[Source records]
'''
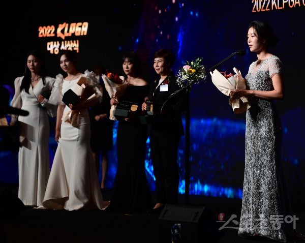 21일 서울 강남구 삼성동 그랜드인터컨티넨탈 서울파르나스에서 열린 ‘2022 KLPGA 대상 시상식’에서 위너스클럽에 등록된 유효주가 대표로 소감을 말하고 있다.
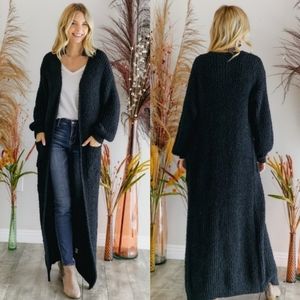 Oversized Maxi Duster Open front Cardigan Puff Black Small New
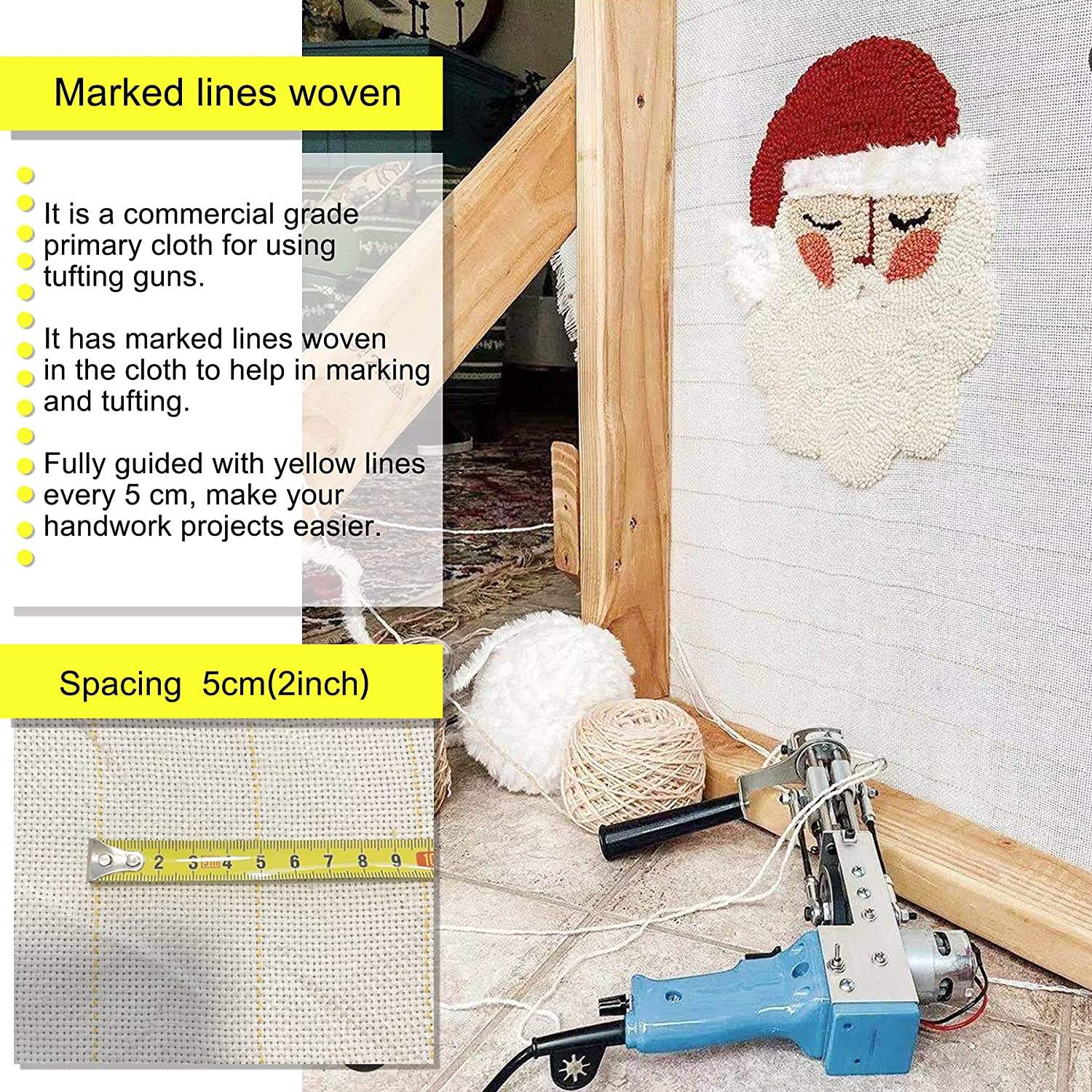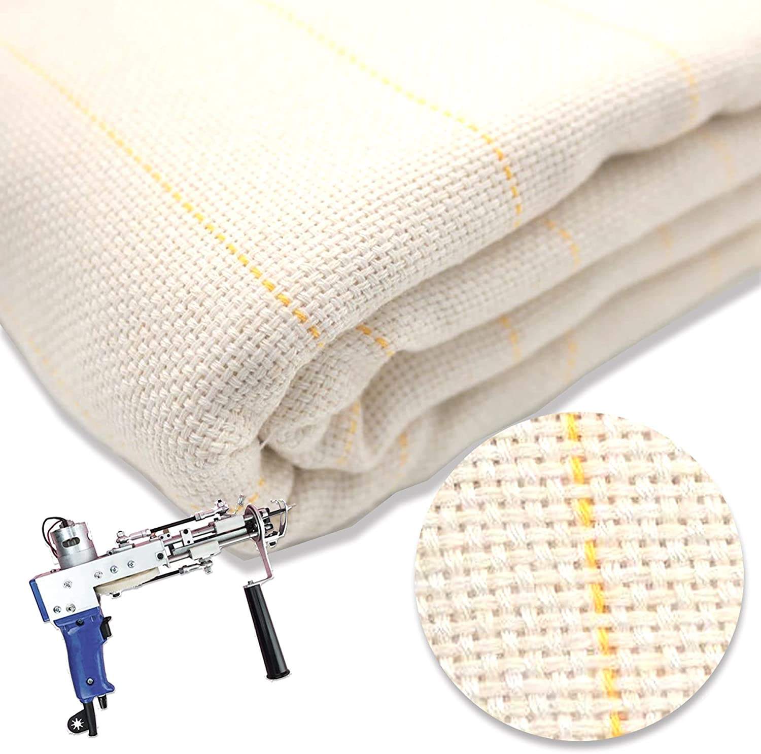 - Marker Thread: is a commercial grade primary cloth for tufting guns. It has marker threads woven into the cloth to aid in marking and tufting. Fully guide with yellow thread every 5cm to make your crafting projects easier. When the cloth is stretched, it is convenient to check whether the cloth is stretched evenly. The tighter the fabric, the more evenly the tufted carpet will be.
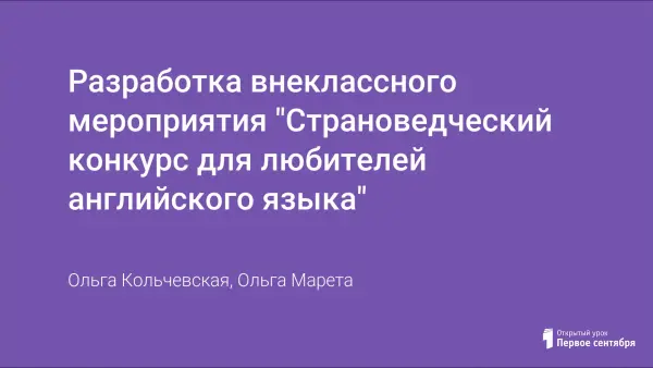 Разработка внеклассного мероприятия "Страноведческий конкурс для любителей английского языка"
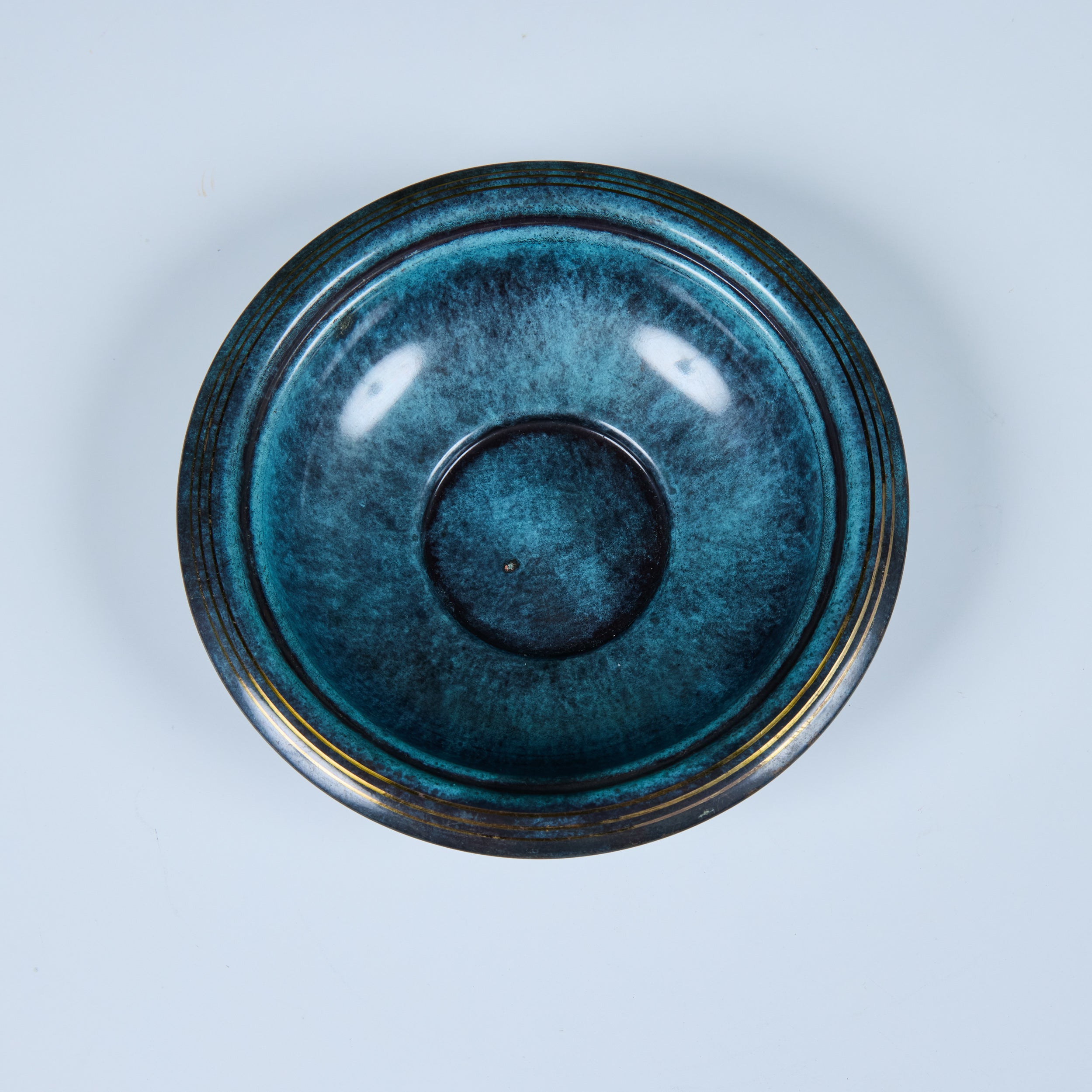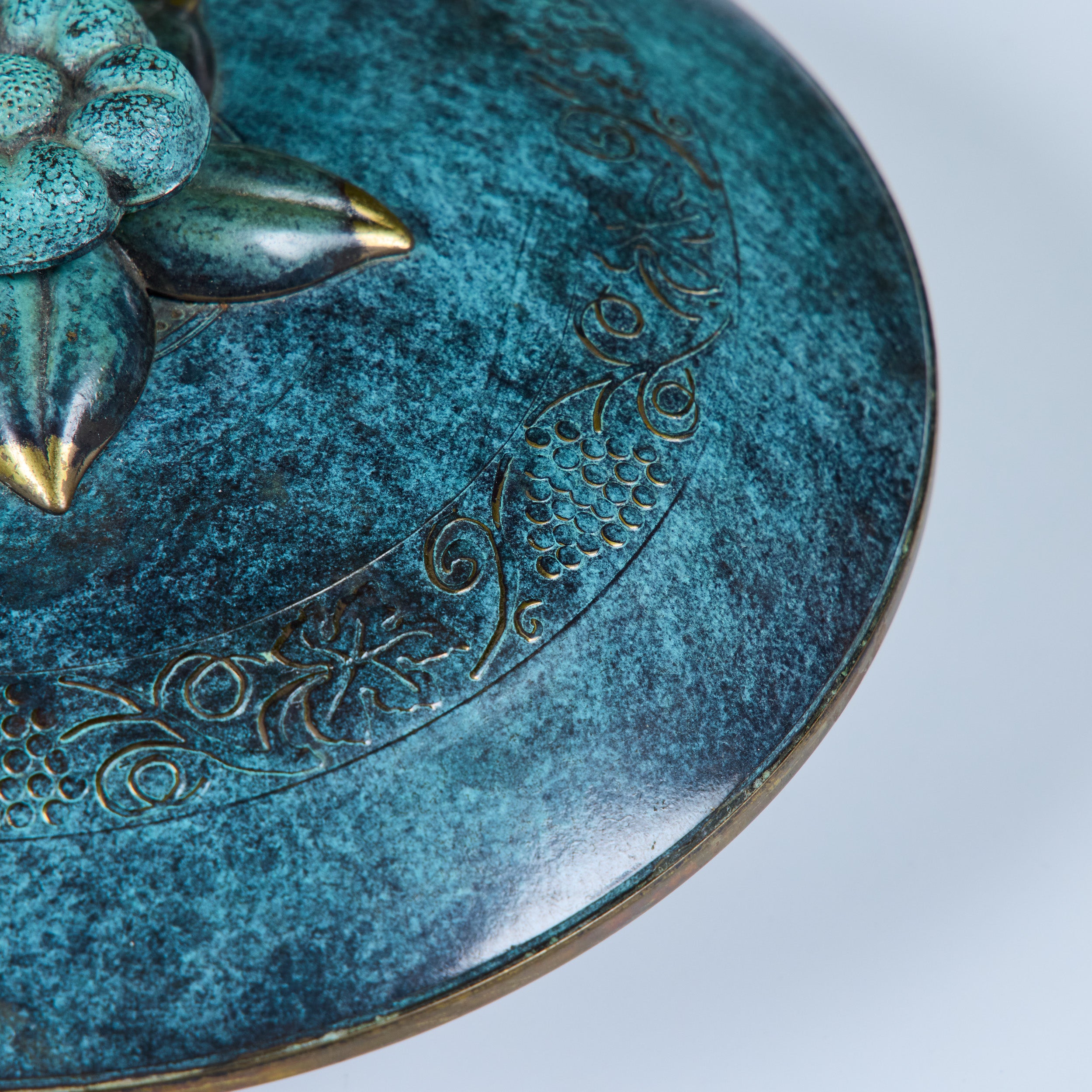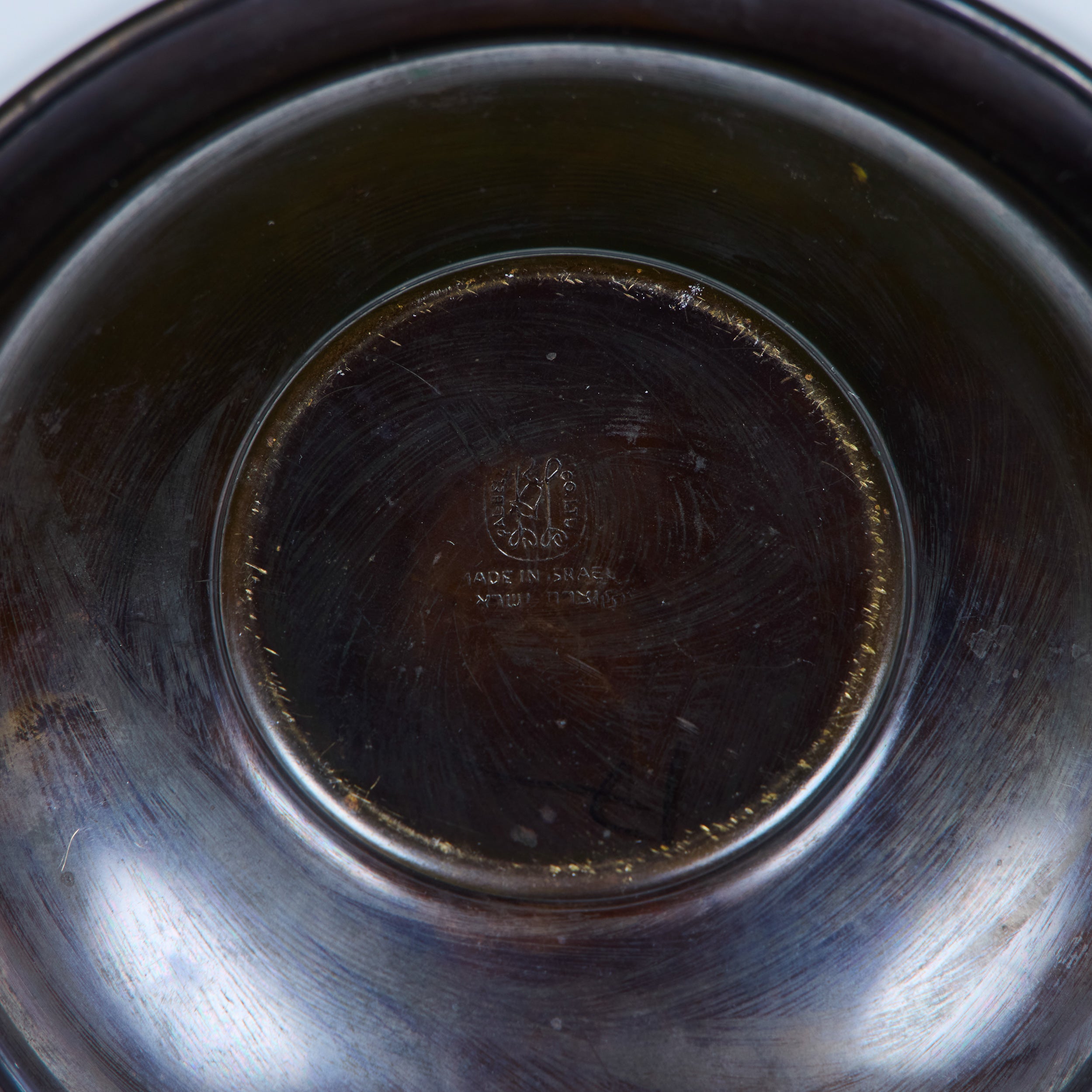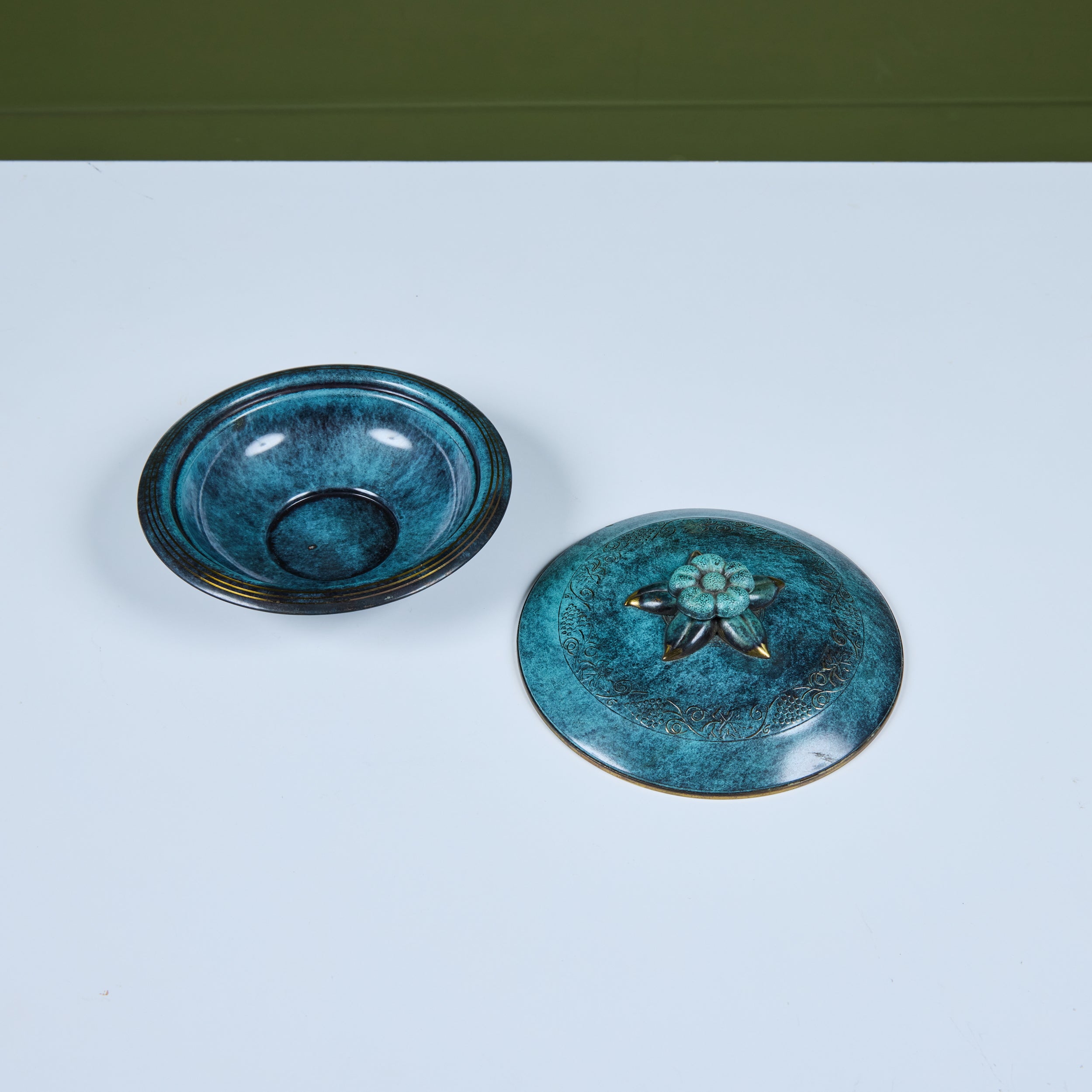 Pal-Bell round bowl with lid. This piece features a verdigris bronze bowl and lid with floral detailed knob with brass tips. Perfect for stashing keys, jewels or potpourri. An embossed stamp on the underside of the bowl reads PAL BELL - Made in Israel.
'''
Required action
An exact copy is needed of every line from the one holding "- Marker Thread: is" to the end of the entries above, both ends kept and each picture dropped.

Completed task
 - Marker Thread: is a commercial grade primary cloth for tufting guns. It has marker threads woven into the cloth to aid in marking and tufting. Fully guide with yellow thread every 5cm to make your crafting projects easier. When the cloth is stretched, it is convenient to check whether the cloth is stretched evenly. The tighter the fabric, the more evenly the tufted carpet will be.
 Разработка внеклассного мероприятия "Страноведческий конкурс для любителей английского языка"
 Pal-Bell round bowl with lid. This piece features a verdigris bronze bowl and lid with floral detailed knob with brass tips. Perfect for stashing keys, jewels or potpourri. An embossed stamp on the underside of the bowl reads PAL BELL - Made in Israel.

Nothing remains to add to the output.